Other isurei bi'ah include:

- Sexual intercourse between Jews and Gentiles
- Divorcees or female converts with Kohanim (priests)
- Mamzerim (offspring of adulterous unions) with regular Jews

When two people are forbidden from having sex together, the laws of negiah prohibit them from engaging in lesser sexual touch (including hugging and kissing), while the laws of yichud prohibit them from spending time together in private in a manner that would allow them to have sex undetected. These prohibitions do not apply in certain situations where sexual relationships are unlikely, for example among close family members.

=== Homosexuality ===

The traditional view is that the Torah forbids anal intercourse between two males (i.e. sodomy), and this is the view of Orthodox Judaism, based on : "Thou shalt not lie with mankind, as with womankind; it is abomination." Rabbinic sources extend this prohibition to all other sexual acts between two men, which are prohibited similar to how they would be prohibited between an unmarried man and woman.

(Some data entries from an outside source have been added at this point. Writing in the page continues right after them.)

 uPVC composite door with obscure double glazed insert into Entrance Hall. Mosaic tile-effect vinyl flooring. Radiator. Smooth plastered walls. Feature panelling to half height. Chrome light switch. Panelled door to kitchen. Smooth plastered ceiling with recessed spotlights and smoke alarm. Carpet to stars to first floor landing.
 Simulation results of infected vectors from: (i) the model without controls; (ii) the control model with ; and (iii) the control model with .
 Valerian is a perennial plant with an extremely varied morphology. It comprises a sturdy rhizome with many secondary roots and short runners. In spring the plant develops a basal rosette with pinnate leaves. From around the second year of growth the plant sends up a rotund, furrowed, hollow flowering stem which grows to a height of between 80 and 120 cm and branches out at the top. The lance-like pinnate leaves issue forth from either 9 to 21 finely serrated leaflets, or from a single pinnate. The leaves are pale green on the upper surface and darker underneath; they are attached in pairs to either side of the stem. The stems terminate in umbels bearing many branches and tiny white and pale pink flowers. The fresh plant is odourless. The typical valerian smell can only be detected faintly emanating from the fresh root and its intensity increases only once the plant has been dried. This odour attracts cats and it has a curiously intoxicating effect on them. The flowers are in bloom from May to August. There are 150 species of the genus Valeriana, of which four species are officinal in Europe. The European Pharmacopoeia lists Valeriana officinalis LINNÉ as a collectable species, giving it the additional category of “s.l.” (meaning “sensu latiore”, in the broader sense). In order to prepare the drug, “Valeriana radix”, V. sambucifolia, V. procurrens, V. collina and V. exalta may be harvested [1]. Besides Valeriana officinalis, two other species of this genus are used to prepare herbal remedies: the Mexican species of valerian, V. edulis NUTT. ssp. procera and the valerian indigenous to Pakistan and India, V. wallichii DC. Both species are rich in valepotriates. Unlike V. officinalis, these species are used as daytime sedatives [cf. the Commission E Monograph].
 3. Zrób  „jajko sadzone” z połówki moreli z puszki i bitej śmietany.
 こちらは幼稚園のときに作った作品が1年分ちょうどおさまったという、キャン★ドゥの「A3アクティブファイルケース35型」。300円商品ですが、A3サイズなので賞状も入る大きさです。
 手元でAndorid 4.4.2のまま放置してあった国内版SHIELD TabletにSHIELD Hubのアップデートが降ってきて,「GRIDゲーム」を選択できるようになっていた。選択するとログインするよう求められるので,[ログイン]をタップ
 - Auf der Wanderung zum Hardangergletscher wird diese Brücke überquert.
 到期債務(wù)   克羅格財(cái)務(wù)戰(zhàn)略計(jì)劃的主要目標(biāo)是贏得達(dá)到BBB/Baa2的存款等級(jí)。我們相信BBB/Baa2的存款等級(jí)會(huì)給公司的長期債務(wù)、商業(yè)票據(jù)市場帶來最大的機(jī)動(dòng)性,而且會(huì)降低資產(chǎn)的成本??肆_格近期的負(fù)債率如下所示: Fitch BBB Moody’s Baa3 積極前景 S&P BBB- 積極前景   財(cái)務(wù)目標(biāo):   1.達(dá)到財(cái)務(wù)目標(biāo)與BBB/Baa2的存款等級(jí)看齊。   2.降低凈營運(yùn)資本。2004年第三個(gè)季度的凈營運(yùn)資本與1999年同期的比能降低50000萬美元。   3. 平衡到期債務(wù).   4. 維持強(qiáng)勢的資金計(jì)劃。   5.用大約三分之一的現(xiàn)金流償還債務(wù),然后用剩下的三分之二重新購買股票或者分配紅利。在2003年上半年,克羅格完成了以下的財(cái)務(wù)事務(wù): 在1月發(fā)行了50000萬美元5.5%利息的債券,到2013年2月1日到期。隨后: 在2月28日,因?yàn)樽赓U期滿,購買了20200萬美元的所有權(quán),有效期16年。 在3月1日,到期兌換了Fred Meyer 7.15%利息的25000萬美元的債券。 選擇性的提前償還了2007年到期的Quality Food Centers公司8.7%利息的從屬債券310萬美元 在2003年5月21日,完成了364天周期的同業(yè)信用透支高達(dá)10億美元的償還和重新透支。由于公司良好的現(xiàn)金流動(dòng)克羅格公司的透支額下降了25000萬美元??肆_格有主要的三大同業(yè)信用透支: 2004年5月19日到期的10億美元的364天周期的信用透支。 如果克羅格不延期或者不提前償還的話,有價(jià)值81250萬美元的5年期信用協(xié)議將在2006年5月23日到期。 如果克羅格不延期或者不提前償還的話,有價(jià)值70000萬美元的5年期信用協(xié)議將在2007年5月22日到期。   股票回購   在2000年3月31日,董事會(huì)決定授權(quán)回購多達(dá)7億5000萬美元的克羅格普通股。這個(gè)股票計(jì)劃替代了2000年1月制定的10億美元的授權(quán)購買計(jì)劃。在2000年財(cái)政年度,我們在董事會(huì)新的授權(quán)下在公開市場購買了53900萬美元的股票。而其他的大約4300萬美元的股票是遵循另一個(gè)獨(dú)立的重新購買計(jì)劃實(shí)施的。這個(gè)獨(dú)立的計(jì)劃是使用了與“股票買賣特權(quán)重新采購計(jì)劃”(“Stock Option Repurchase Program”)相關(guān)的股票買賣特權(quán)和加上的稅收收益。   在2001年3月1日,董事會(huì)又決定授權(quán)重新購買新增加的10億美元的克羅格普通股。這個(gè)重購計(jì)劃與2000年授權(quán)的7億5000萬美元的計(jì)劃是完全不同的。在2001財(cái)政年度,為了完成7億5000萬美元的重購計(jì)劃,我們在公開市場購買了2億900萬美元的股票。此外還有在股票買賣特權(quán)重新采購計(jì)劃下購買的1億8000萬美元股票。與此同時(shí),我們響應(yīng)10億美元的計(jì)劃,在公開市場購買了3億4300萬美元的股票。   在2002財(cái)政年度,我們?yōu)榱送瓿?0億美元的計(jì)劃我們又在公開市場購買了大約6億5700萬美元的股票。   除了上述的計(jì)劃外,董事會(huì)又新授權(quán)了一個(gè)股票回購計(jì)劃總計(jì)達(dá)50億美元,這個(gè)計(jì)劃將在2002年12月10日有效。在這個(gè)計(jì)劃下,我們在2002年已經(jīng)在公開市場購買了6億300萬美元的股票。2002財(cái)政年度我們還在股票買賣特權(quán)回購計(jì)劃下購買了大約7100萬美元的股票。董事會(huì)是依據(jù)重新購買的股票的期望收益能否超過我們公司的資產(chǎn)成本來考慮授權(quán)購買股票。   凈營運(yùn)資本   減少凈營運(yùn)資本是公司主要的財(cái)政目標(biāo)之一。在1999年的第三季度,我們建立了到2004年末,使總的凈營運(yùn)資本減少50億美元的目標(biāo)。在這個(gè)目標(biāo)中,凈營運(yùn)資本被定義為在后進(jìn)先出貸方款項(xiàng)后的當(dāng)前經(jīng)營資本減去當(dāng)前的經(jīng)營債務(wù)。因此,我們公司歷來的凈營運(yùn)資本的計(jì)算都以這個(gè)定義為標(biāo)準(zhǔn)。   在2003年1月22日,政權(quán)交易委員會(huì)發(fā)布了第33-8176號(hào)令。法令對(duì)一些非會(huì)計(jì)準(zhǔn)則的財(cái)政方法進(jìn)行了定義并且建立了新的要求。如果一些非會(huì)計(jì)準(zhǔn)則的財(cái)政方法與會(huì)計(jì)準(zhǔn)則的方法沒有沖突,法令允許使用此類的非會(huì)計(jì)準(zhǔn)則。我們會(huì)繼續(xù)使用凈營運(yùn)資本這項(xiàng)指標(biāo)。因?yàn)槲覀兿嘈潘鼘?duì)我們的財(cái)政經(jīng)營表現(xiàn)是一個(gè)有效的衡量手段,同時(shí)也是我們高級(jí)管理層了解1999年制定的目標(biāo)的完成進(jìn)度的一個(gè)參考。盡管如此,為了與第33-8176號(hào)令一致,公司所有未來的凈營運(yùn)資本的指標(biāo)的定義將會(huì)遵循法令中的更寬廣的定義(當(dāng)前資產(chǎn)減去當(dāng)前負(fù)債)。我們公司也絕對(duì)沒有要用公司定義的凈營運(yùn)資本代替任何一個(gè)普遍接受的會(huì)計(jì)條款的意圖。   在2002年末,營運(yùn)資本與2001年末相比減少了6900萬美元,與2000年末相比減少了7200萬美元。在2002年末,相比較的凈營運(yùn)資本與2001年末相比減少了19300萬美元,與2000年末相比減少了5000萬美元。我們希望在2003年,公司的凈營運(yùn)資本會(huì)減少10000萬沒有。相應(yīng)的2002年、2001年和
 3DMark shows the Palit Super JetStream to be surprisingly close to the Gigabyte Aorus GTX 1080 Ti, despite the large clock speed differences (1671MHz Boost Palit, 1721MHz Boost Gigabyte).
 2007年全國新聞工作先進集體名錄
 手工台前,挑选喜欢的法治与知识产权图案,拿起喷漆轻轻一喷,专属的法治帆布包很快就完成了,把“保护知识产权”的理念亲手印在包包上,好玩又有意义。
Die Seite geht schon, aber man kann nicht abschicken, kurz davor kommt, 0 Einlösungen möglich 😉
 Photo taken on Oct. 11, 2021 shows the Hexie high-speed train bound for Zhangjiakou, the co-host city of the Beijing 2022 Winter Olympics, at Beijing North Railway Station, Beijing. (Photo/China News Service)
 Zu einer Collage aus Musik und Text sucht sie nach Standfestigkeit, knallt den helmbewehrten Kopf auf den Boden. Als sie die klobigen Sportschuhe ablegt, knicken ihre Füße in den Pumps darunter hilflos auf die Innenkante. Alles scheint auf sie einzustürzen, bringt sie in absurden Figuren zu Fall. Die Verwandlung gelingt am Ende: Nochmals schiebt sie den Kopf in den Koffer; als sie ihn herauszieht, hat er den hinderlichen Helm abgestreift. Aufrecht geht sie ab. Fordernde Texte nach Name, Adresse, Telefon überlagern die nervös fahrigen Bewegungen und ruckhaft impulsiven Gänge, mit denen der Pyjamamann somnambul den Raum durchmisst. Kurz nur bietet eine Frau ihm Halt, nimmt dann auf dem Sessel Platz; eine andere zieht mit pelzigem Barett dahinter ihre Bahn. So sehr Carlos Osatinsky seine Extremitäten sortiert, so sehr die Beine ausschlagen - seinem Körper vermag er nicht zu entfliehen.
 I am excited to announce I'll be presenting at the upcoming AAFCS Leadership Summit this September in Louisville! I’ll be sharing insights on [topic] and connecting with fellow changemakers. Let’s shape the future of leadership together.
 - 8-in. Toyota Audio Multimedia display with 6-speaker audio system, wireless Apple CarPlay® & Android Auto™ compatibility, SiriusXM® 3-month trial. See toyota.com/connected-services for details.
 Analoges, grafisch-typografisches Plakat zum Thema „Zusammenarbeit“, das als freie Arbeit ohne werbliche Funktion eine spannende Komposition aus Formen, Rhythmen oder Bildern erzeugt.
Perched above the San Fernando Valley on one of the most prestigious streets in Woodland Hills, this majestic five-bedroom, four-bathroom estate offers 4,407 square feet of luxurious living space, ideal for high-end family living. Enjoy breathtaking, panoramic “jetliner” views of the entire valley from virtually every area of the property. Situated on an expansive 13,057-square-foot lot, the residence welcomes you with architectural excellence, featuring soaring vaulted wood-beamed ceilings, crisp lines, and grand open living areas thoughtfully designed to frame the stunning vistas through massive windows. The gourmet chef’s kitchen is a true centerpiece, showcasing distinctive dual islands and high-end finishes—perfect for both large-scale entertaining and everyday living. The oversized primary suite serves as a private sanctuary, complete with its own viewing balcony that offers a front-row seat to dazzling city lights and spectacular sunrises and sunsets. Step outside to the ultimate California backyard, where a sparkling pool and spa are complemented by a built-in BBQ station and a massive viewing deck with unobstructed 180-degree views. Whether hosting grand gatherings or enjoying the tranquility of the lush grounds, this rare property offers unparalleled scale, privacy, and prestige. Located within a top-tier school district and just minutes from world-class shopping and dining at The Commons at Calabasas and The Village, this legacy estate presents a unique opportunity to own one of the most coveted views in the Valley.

There is no explicit ban on female-female intercourse in the Hebrew Bible, but it is similarly condemned in later rabbinical halakhic texts.

Classical rabbinic sources also condemn marriage between two men, which they see as an activity performed by non-Jews which invited Divine punishment.

Some medieval Jewish authors wrote fiction and poetry which portrayed homosexual love positively, though often these seem to be adaptations of a style found in contemporary Arabic poetry, unlikely to be based on real-life love affairs. These narratives are not intended as literal accounts, instead conveying a more symbolic message.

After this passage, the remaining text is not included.